I'd always put money on that cross for speed if I were betting against a Bull X Lurcher.


----------



## Zakia Days (Mar 13, 2009)

I'm just guessing here, but the legs on that little terrier are just as compact and agile as that of the prey. He's not long and lumbering like the lurcher. Makes a h*ll of a difference for hard cuts and turns and acceleration times. Idk


----------



## Edward Weiss (Sep 19, 2011)

Mama catches bunnies and squirrels on the ground,this little daughter also is super quick..problem with some terriers is they lack front reach . Usually out of lines bred for a certain appearance...nice vid thanks








[/URL]


----------



## Bob Scott (Mar 30, 2006)

Edward Weiss said:


> Mama catches bunnies and squirrels on the ground,this little daughter also is super quick..problem with some terriers is they lack front reach . Usually out of lines bred for a certain appearance...nice vid thanks
> 
> 
> 
> ...




Agree 100%
A lot of the show line terriers have a shorter leg bone going from the shoulder to the elbow. That's what is considered "correct" for the "straight front" desired in the show lines. It can still allow a good reach if put together correctly. Often that "straight front" is the results of a shoulder with very little lay back. That destroys reach and the show terrier short back looses flexibility. 
In the working terrier shows the judge will often take a terrier and bend in in two to see how easily the nose can reach the tail. The good uns can turn around in a very narrow tunnel. 

The lurcher's (sight hound crosses) stride is as much about a very flexible spine as it is in correct reach and correct rear angulation. Put the the three together and you have the speed dogs.


----------



## shane beanhard (Aug 1, 2014)

What they done is illegal here,it's baiting not hunting to capture an animal move it away and then feed it to your dogs.

I'd possibly forgive them if they were starting a pup,but I highly doubt that since there's a terrier in the mix.

very silly to put it online,a fella got fined £17,000 for drowning a squirrel a couple of years ago.


----------



## Rob Maltese (Jan 8, 2014)

I don't agree with what's going on in the video however, different country, different rules, different strokes for different folks.


----------



## shane beanhard (Aug 1, 2014)

Rob Maltese said:


> I don't agree with what's going on in the video however, different country, different rules, different strokes for different folks.


I don't have a huge problem with what they done morally,just wouldn't do it myself regardless of the law.

But judging by the accents they're in the UK,and could potentially go to prison for this.


----------



## Joby Becker (Dec 13, 2009)

shane beanhard said:


> very silly to put it online,a fella *got fined £17,000 for drowning a squirrel a couple of years ago.*


why?


----------



## shane beanhard (Aug 1, 2014)

Causing undue suffering,apparently you should take it out of the trap and crack it on the head,which is I'm sure's very easily done to an agitated squirrel. 

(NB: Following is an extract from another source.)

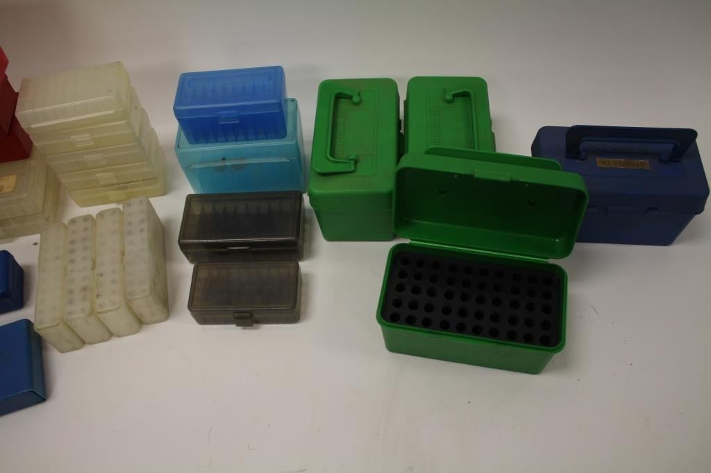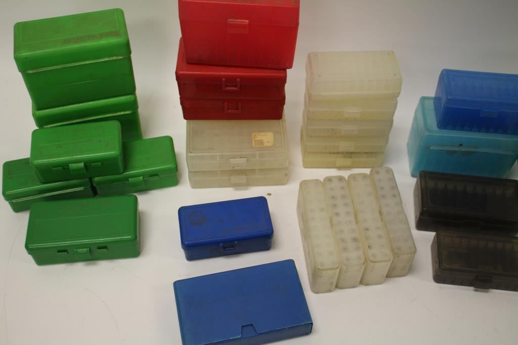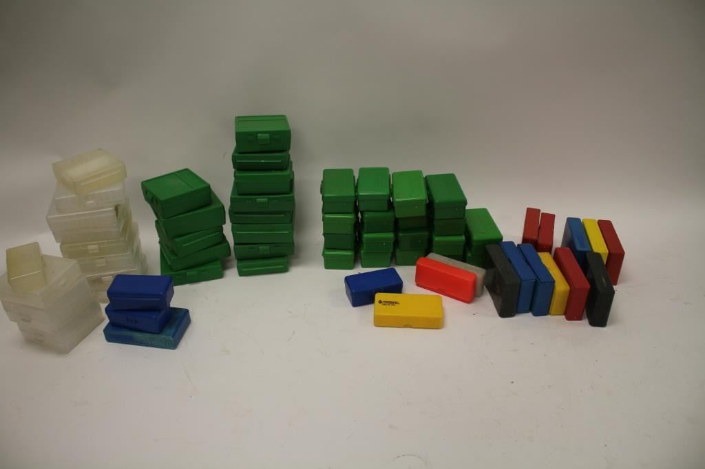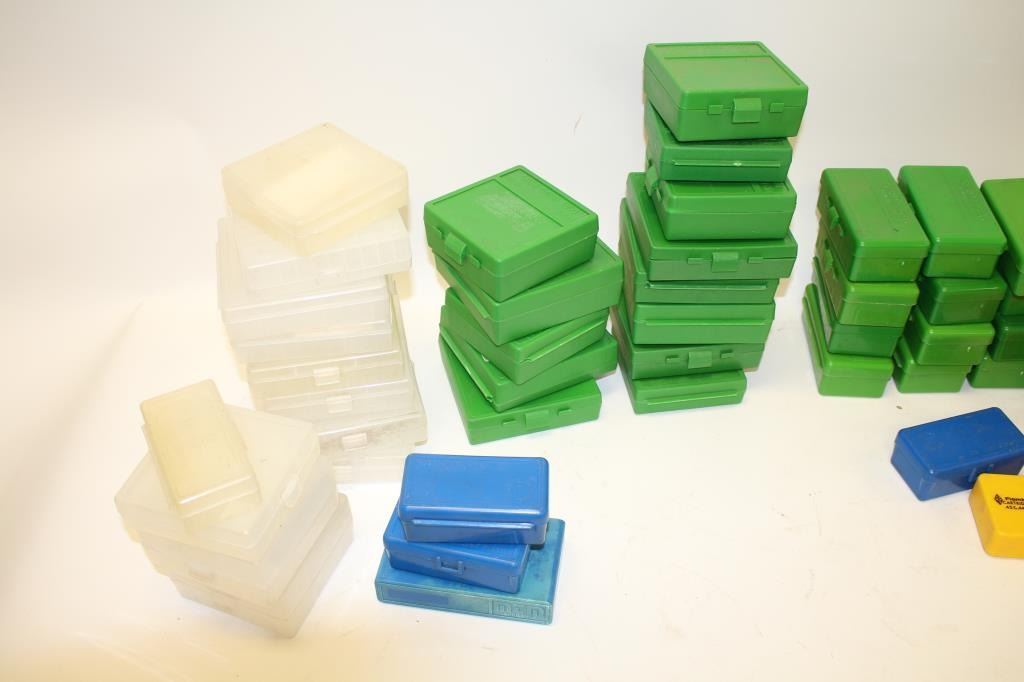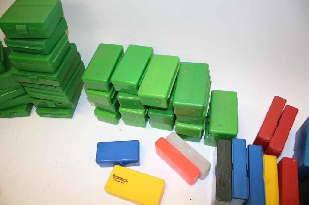 Reloaders lot of empty plastic ammo boxes for both rifle and pistol; 20, 50 & 100 count boxes; over 100 total! Est.: $100-$200.

I forgot to say a neighbour filmed him and sent it to the RSPCA.

Animal rights charities like the RSPCA etc have a lot of influence here,unfortunately. 

But people have gone to prison for doing similar to what these lads do in the vid above


----------



## Matt Vandart (Nov 28, 2012)

Did you hear about the two fellas that went to the pokey for ratting with their dogs and had their dogs seized?


----------



## shane beanhard (Aug 1, 2014)

That sort of thing isn't uncommon over here unfortunately mate.


----------



## Bob Scott (Mar 30, 2006)

From talking with terrier men that have come over here to hunt with us the UK animal rights folks make peta look like amateurs. 
Is the Country Alliance still active over there? Great group!


----------



## shane beanhard (Aug 1, 2014)

They are,though all those organisations seem to be much more in favour of shooting and have pretty much given up on the dog side. 

Shooters have money,lurcher and terrier men generally don't.

The mounted hunts are rich enough to look after themselves for the most part,so we're pretty much attacked from all sides and often used as scapegoats. 

What types of terriers did you keep?
my bushing dog's a stevens line Patterdale x Nigerino bred 'staff',would love to have the quarry you have over there,hogs,raccoons,coyote etc


----------



## Bob Scott (Mar 30, 2006)

I've had Kerrys. To big for anything but above ground hunting. One was a fair quail dog. The other, to my dismay, thined out the neighborhood cat lady's critters. I couldn't keep the dern things out of my yard.
One of my Kerrys was ranked Nationally in the top ten terriers in AKC obedience. 

Borders for earth work. They were to hard in the ground and I didn't care for the fact that they had no qualms about getting chewed up so I retired them. GREAT breed altogether though. 
One was undefeated in the show ring up to and including his CH at the BT Nationals as well as undefeated "colored dog" in working terrier shows and undefeated in the ground. Heart of a lion and gentle as a lamb....as long as you weren't covered by fur. 

One lovable but useless show line Norwich.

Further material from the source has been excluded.